#### [EXERCISE INSTRUCTIONS]
Go through the listing below and retype exactly the lines starting at the one with "focus, tranquil atmosphere" and ending at the one with "A beautiful vintage", skipping pictures.

....

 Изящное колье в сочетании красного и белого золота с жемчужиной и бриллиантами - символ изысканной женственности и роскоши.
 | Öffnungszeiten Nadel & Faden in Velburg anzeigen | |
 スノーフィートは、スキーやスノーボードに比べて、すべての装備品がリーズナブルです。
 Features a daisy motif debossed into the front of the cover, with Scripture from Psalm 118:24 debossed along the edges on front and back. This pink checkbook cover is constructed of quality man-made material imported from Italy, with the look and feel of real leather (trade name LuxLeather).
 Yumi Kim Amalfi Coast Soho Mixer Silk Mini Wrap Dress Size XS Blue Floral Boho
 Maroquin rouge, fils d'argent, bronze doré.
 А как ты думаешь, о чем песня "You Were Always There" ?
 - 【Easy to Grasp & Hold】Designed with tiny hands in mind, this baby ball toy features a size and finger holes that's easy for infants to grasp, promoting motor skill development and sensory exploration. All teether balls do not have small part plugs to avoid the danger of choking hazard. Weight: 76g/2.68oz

....

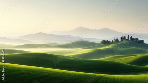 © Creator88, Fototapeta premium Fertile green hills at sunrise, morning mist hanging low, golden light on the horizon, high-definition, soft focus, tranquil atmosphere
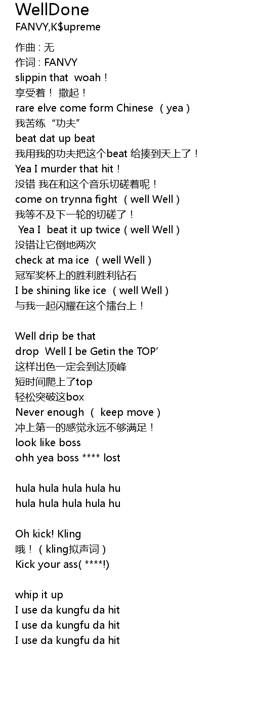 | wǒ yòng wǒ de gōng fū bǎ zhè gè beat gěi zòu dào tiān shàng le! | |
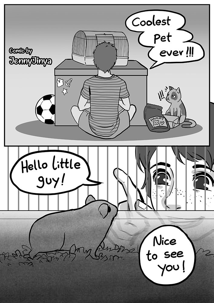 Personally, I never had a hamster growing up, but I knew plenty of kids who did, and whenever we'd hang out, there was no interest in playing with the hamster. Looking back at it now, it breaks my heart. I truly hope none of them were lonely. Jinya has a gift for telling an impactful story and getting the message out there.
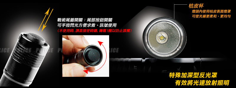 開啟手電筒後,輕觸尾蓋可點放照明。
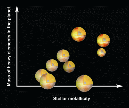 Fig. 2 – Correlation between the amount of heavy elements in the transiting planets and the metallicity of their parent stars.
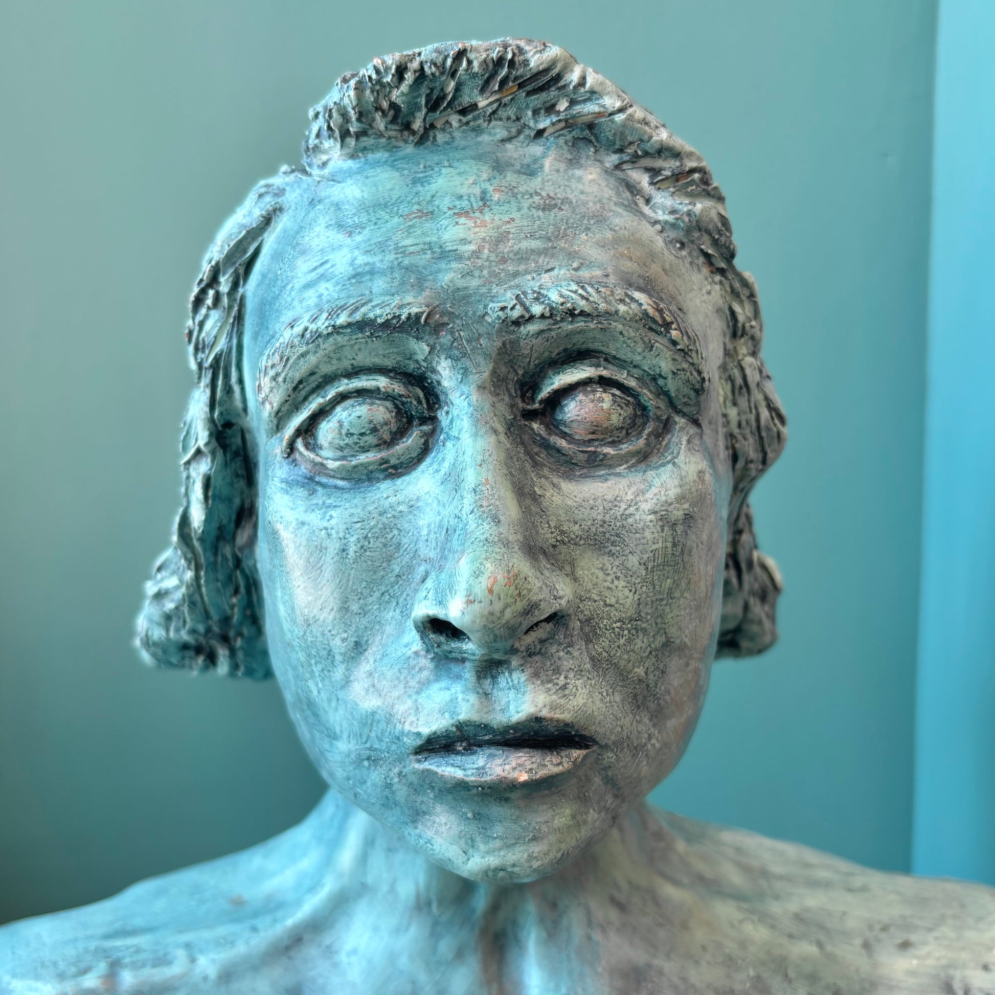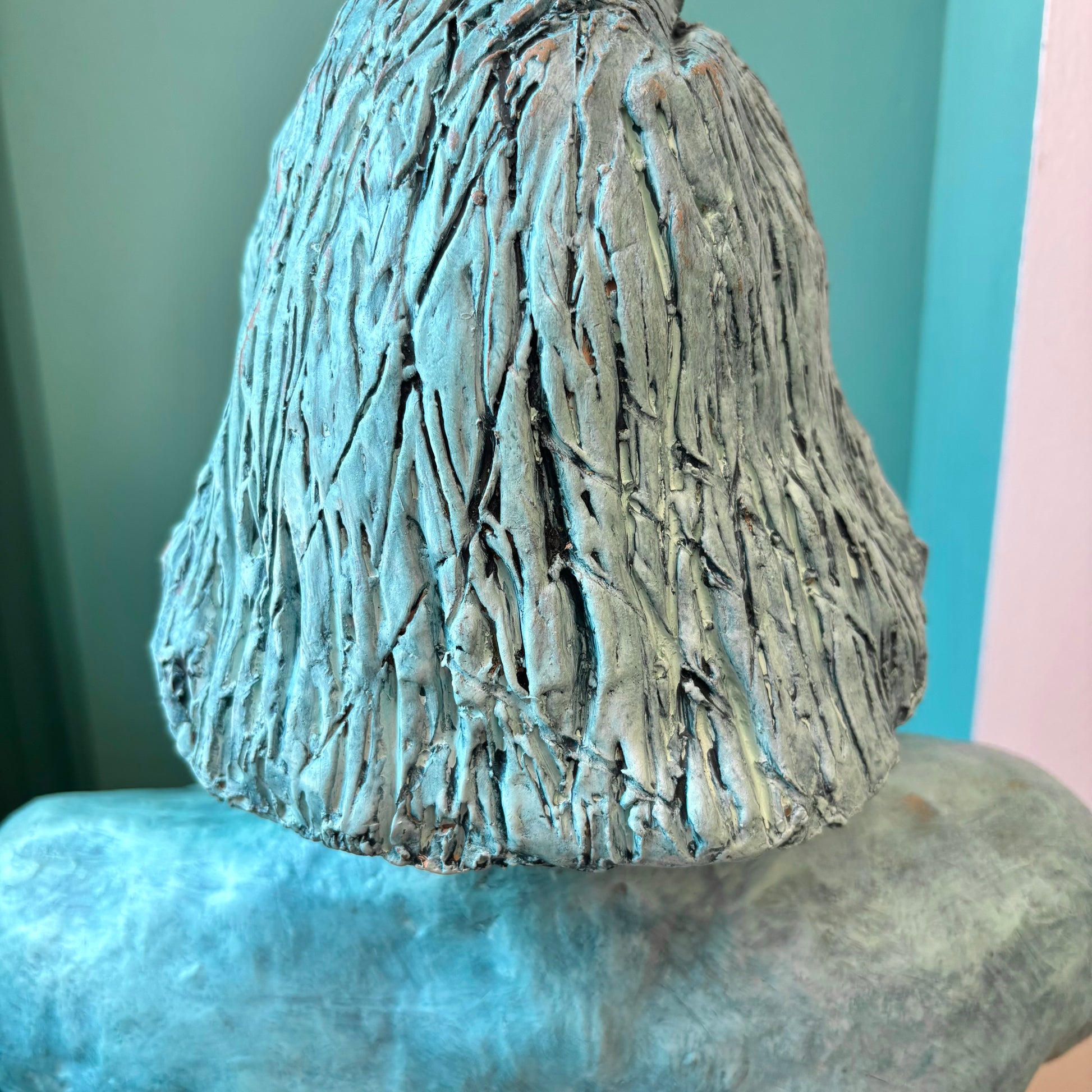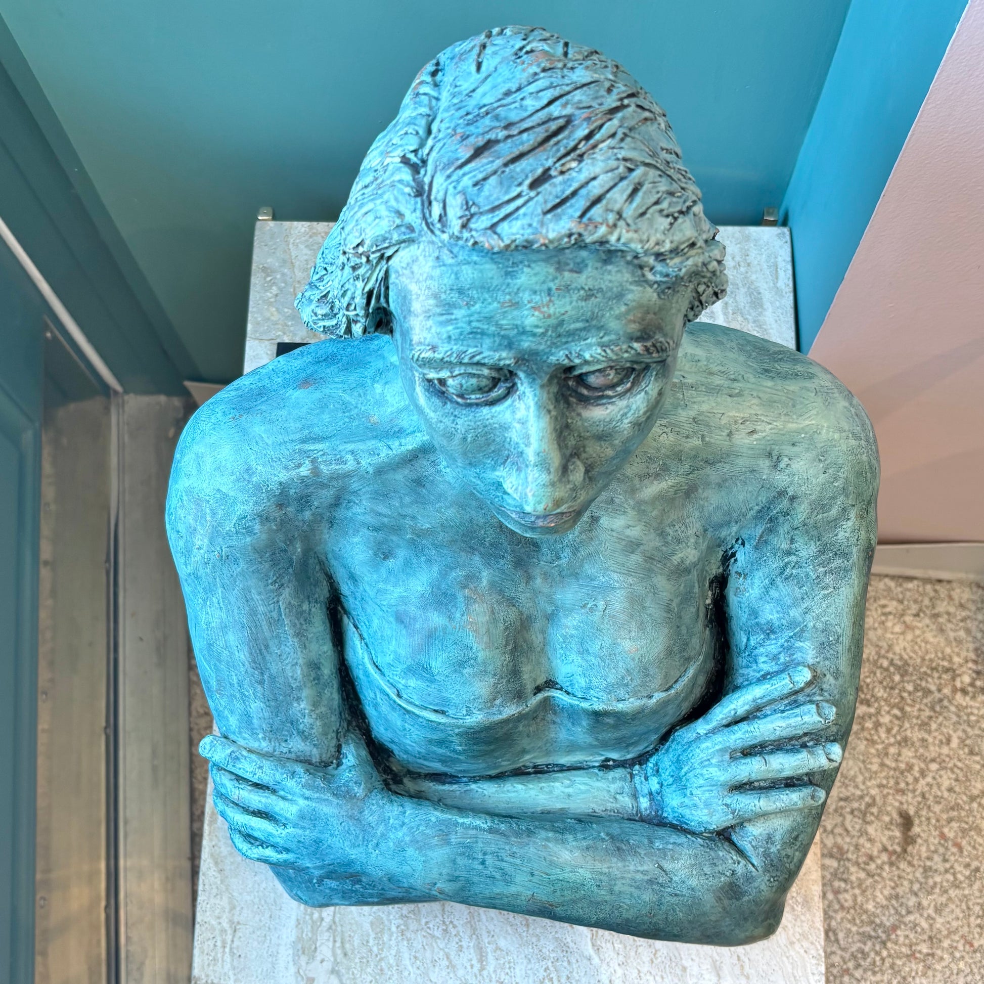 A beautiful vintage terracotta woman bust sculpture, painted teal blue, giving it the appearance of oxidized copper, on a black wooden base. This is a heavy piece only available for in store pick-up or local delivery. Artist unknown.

....

#### [TASK ANSWER]
 © Creator88, Fototapeta premium Fertile green hills at sunrise, morning mist hanging low, golden light on the horizon, high-definition, soft focus, tranquil atmosphere
 | wǒ yòng wǒ de gōng fū bǎ zhè gè beat gěi zòu dào tiān shàng le! | |
 Personally, I never had a hamster growing up, but I knew plenty of kids who did, and whenever we'd hang out, there was no interest in playing with the hamster. Looking back at it now, it breaks my heart. I truly hope none of them were lonely. Jinya has a gift for telling an impactful story and getting the message out there.
 開啟手電筒後,輕觸尾蓋可點放照明。
 Fig. 2 – Correlation between the amount of heavy elements in the transiting planets and the metallicity of their parent stars.
 A beautiful vintage terracotta woman bust sculpture, painted teal blue, giving it the appearance of oxidized copper, on a black wooden base. This is a heavy piece only available for in store pick-up or local delivery. Artist unknown.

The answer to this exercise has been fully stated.